Retype only the lines below from the one with "sculpted hand-carved sheath" to the one with "財政の弾力性を判断する経常収", inclusive, skipping every image.

RECORDS SHOWN
^^^^^^^^

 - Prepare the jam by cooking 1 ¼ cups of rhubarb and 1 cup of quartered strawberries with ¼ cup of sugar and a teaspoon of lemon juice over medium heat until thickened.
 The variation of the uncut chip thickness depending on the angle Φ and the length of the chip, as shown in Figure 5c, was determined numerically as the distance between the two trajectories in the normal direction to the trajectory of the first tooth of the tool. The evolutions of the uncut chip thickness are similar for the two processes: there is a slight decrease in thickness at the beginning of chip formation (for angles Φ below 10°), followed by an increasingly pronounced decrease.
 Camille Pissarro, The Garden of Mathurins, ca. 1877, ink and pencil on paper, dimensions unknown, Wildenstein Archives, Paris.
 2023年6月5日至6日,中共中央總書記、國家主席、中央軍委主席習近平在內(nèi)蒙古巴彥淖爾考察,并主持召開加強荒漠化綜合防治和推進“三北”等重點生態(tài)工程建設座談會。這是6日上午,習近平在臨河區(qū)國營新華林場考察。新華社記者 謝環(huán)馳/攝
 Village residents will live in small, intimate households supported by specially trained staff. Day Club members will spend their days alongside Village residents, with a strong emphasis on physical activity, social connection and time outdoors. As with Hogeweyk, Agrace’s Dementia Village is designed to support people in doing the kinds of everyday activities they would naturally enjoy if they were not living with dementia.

^^^^^^^^

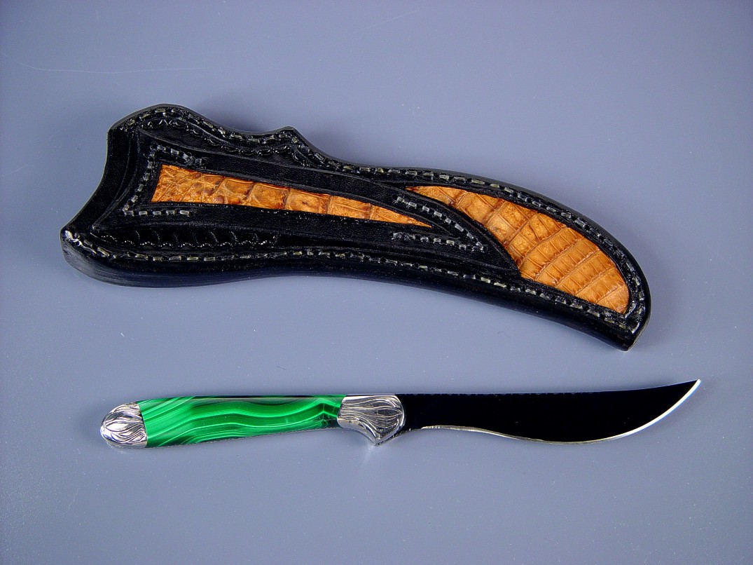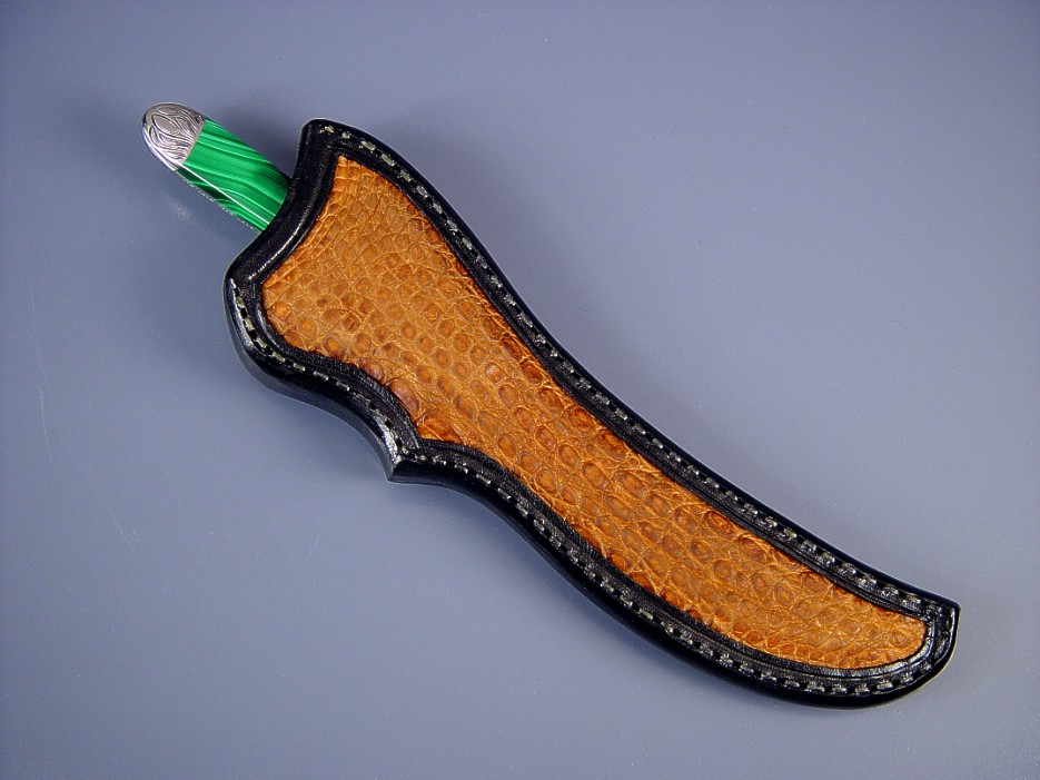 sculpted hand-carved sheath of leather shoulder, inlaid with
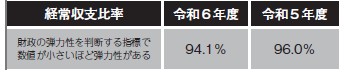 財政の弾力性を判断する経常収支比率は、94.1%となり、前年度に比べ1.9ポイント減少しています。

^^^^^^^^

YOUR SOLUTION
 sculpted hand-carved sheath of leather shoulder, inlaid with
 財政の弾力性を判断する経常収支比率は、94.1%となり、前年度に比べ1.9ポイント減少しています。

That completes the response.